The Dalhousie researchers are building on a current research initiative between Dalhousie University and Woods Hole Oceanographic Institute (WHOI) from the United States, to develop a system that combines autonomous underwater ocean gliders (Slocum gliders) with the specialized WHOI-PAM system with utility to detect, classify, and report whale calls back to shore at intervals of ~ two hours.

The project completion date is scheduled for March 31, 2018.


Another project, led by Nicholas Fyffe from Blumara Corp, will seek to use a computer modeling technique known as finite element analysis (FEA) to simulate the impact of a tidal turbine blade on fish and to assess whether mortality of marine life can be expected in such an event.

The outcomes of this research will be the development of a methodology and prediction tool for use in assessing the likelihood of mortality for fish-turbine interactions, OERA said.

Blumara Corp will be working with Nova Scotia Community College to complete the work, with a project completion date set for late March 2018.


John Moloney from Jasco Applied Sciences is leading another project funded through OERA Open Call Program.

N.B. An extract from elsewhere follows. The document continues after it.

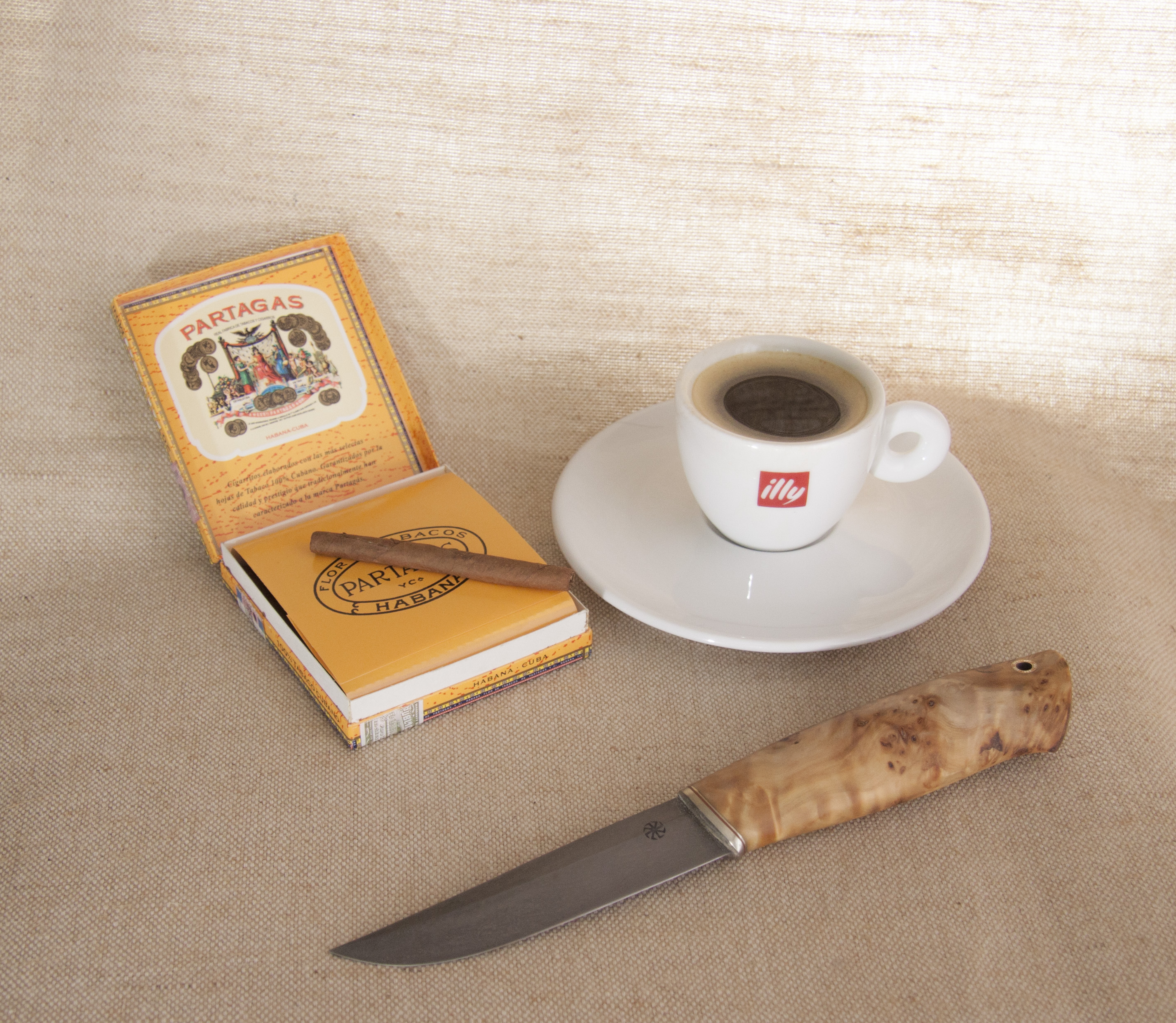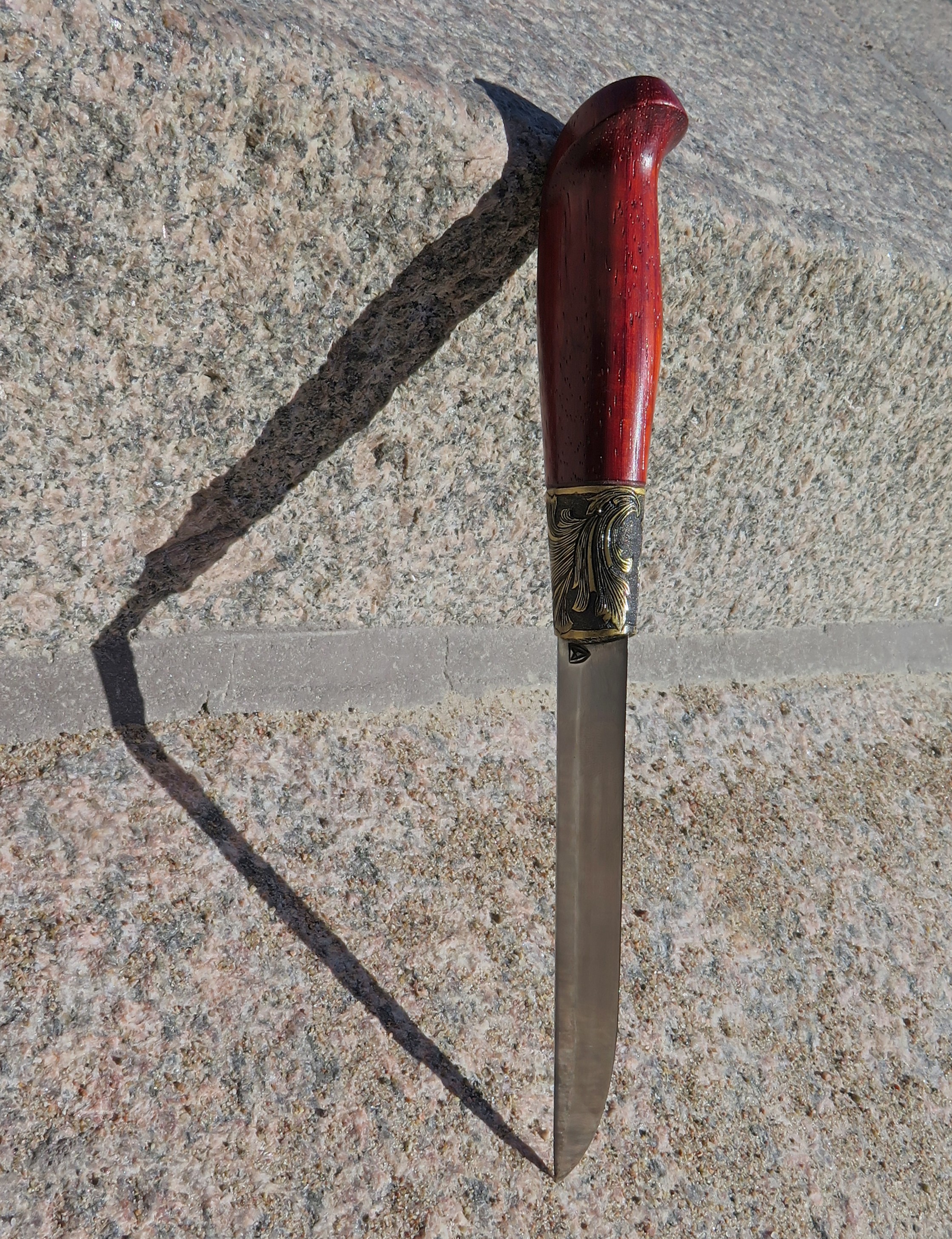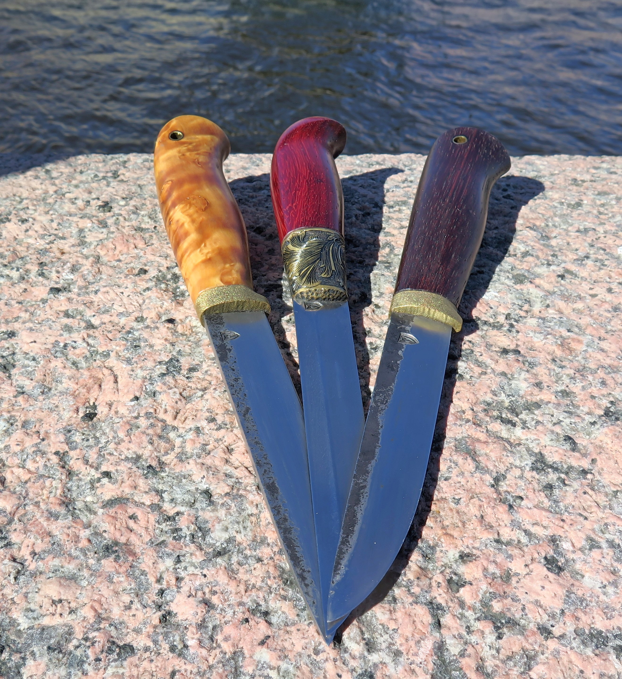 Люблю ножи, хотя, кто их не любит? Первый нож сделал в 9 классе, с ножа рубанка, хотя рисовал их, наверное, всегда, что и продолжаю делать и по сей день. Ножи нравятся разные и делал разные тоже, от обычных  рабочих трудяжек  до полочников, как я называю арт.  Не кузнец, не ковал, хотя побывал в кузнях многих кузнецов и мастеров, не моё это, хоть и завораживает зрелище горячей стали и огня…

The project involves testing of a near-real-time, drifting acoustic measurement system which will feature a particle acceleration/particle velocity (PA/PV) measurement sensor (vector sensor).

The work will lead to a better understanding of the effects of flow on the PA/PV system and its utility across the broad spectrum of environmental acoustics, according to OERA.

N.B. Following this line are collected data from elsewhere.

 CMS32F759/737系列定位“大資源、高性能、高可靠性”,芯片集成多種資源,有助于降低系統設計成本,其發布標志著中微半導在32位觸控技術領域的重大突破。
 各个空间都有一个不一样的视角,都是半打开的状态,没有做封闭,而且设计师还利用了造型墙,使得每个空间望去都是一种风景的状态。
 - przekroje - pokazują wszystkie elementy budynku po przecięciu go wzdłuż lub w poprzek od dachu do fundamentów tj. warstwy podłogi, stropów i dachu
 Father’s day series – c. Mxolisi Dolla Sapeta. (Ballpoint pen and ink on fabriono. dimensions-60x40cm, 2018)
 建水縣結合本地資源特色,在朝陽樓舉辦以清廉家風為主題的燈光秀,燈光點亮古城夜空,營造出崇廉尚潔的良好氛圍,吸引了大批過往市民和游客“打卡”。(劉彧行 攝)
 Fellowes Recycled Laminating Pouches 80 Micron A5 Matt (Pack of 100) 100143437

Also, CulOcean Consulting with Joel Culina will be undertaking a project that will investigate the usage of different tools and techniques to improve understanding of wake behavior, for use by industry in optimizing turbine placements.

As a first step, the project team will collect observations of the velocity deficit behind the Cape Sharp turbine deployed in the Bay of Fundy, using vessel-mounted and bottom-mounted acoustic Doppler current profilers (ADCPs).

These observations will be used to validate a CFD model of the Cape Sharp turbine and lease area waters. The model is expected to provide the industry with a powerful tool for array planning.

Culina will be collaborating with the Fundy Ocean Research Center for Energy (FORCE), and Envenio from New Brunswick, to complete the project due by March 31, 2018.

OERA is an independent, non-profit organization that funds and facilitates collaborative offshore energy and environmental research and development including examination of renewable energy resources and their interaction with the marine environment, with the aim to enable the sustainable development of Nova Scotia energy resources.